The Supreme Court of California, in In re Griffin, 408 P.2d 959, 961 (Cal. 1965), said, in construing a new law changing eligibility for parole after Griffin was sentenced and released on parole: "Whatever the technical nature of a parole may be, from a realistic point of view it is our opinion that such a statute increases the punishment rather than decreases it. . . . It is elementary, of course, that a statute amended after an act is committed so as to increase the punishment cannot be made applicable to an accused, because to do so would run afoul of the prohibition against ex post facto laws." (Emphasis added.) Accord Greenfield v. Scafiti, 277 F. Supp. 644 (D. Mass. 1967), Aff'd, 390 U.S. 713 (1968). See also In re Beaton, 241 N.E.2d 845 (Mass. 1968); Still v. Nichols, 412 F.2d 778 (1st Cir. 1969).
3. This court has pointedly held in Pinana v. State, 76 Nev. 274, 283, 352 P.2d 824 (1960), that: "The subject of parole in this state is within the legislative authority given by the constitution to the legislature. Art. 4, Sec. 1, Nevada Constitution. Parole is not a constitutional right; it is a right bestowed by legislative grace. Zink v. Lear, 28 N.J. Super. 515, 101 A.2d 72."
Nevertheless, if the legislature undertakes to enact laws granting parole when it need not constitutionally have done so, we think those rights granted as acts of clemency or grace must be administered in accordance with concepts of due process and may not arbitrarily increase the punishment previously imposed in the unequal and illogical manner done here. See Griffin v. Illinois, 351 U.S. 12, 18 (1956), where, in dealing with a similar type of problem relating to appellate review, the Supreme Court said: "It is true that a State is not required by the Federal Constitution to provide appellate courts or a right to appellate review at all. [Citations omitted.] But that is not to say that a State that grants appellate review can do so in a way that discriminates against some convicted defendants on account of their poverty."
See generally NRS 213.107-213.210.
4. Respondents urge that Eisentrager v. State Board of Parole, 85 Nev. 672, 462 P.2d 40 (1969), is decisive of the issue in this case in their favor. We do not agree.
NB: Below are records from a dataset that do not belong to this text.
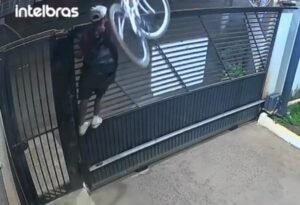 Vídeo: Ladrão pé de meia pula portão de condomínio para furtar bicicleta em Valparaíso.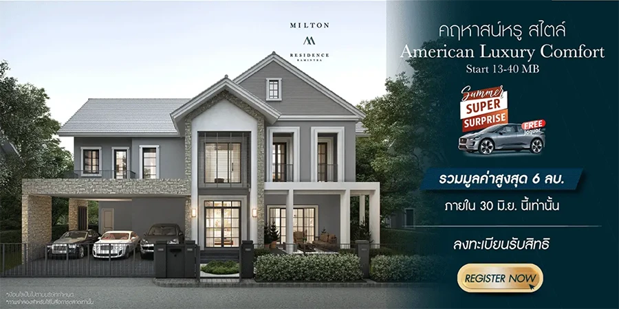 มิลตัน เรสซิเดนซ์ รามอินทรา คฤหาสน์หรูสไตล์ American Luxury Comfort เริ่มต้น 13 - 40 ล้านบาท กับโปรโมชั่น Summer Super Surprise ขยายสิทธิถึง 30 มิ.ย. นี้เท่านั้น!! ฟรี Jaquar I-PACE รวมมูลค่าสูงสุด 6,000,000 บาท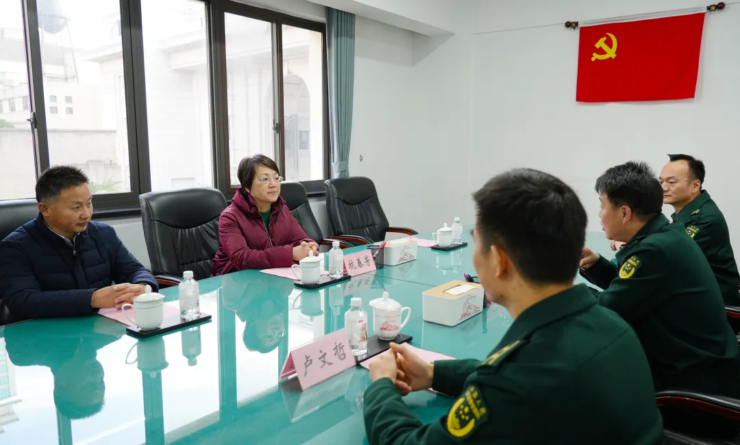 杭春芳一行来到武警某中队,亲切慰问部队官兵,向人民子弟兵送上了新春的问候和祝福。杭春芳详细了解了官兵们的训练和生活,并对他们的辛勤付出表达诚挚感谢。她表示,普陀将一如既往大力支持部队建设,确保各项保障措施落实到位,希望双方能够进一步加强合作联动、深化军地共建,共同为区域发展作出更大贡献。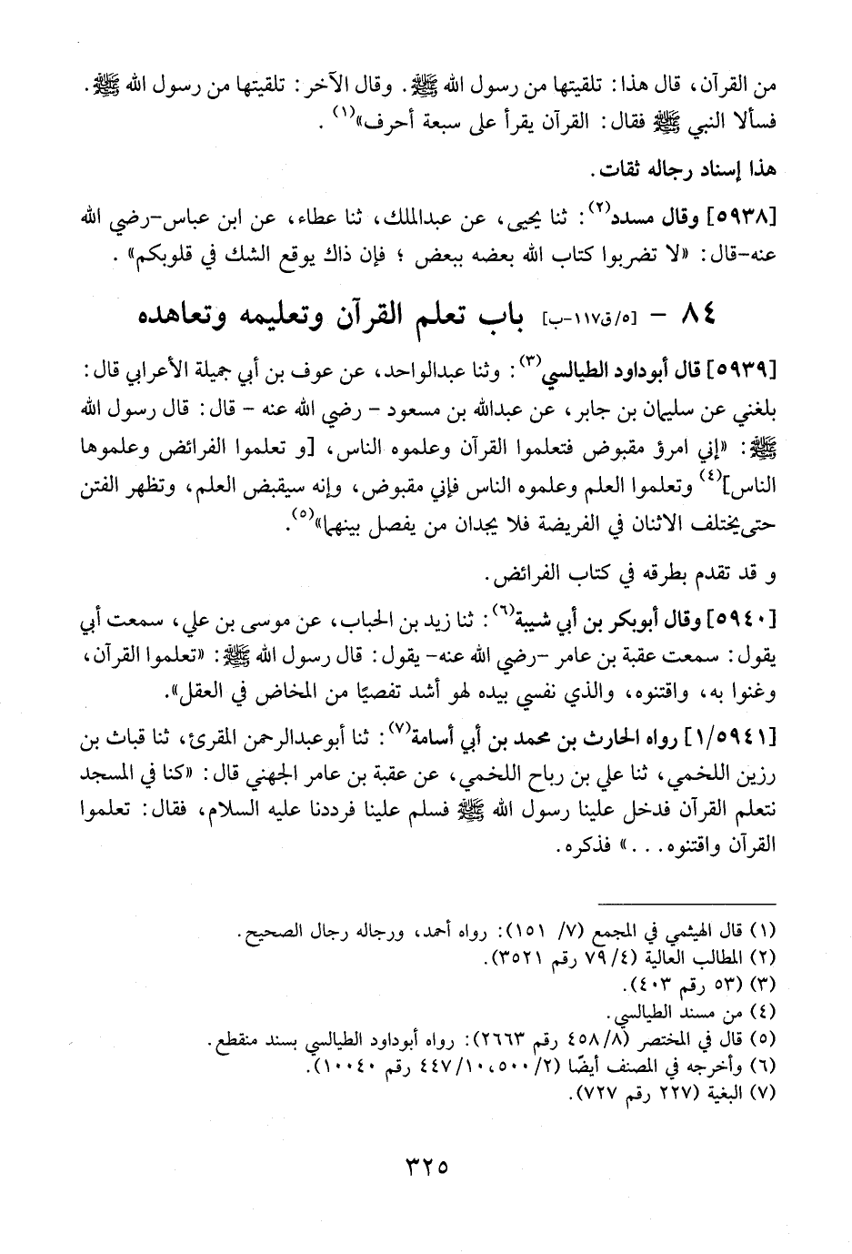 5941 / 1 - رَوَاهُ الْحَارِثُ بْنُ مُحَمَّدِ بْنِ أَبِي أُسَامَةَ: ثنا أبو عبد الرحمن المقرئ، ثنا قباث بن رزين اللخمي، ثَنَا عَلِيُّ بْنُ رَبَاحٍ اللَّخْمِيُّ، عَنْ عُقْبَةَ بْنِ عَامِرٍ الْجُهَنِيِّ قَالَ: "كُنَّا فِي الْمَسْجِدِ نتعلم القرآن فدخل عَلَيْنَا رَسُولُ اللَّهِ - صَلَّى اللَّهُ عَلَيْهِ وَسَلَّمَ - فسلم علينا فرددنا عليه السلام، فقال: تعلموا القرآن واقتنوه ... " فذكره.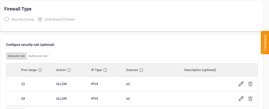 • Distributed Firewall: (Chỉ có trên dịch vụ Specific) Tường lửa kiểm soát traffic ra vào máy ảo trong mạng nội bộ.

We held in that case the legislature was merely exercising its constitutional powers to determine the terms and conditions of parole when it enacted NRS 213.110 which precluded parole being granted to a prisoner who had been previously convicted of more than three felonies. There was no issue raised or decided in that case dealing with the ex post facto question.
5. We subscribe to the rule announced in In re Griffin, supra, and hold that ch. 98,  Stats. of Nev. 125, is unconstitutional in that it is an ex post facto law and in violation of Art. 1, § 15, of the Nevada Constitution and Art. 1, §§ 9 and 10, of the U.S. Constitution.
The application is granted and a Writ of Mandate shall issue commanding respondents to permit petitioner to file and directing respondents to consider his request for parole.
ZENOFF, BATJER, MOWBRAY, and THOMPSON, JJ., concur.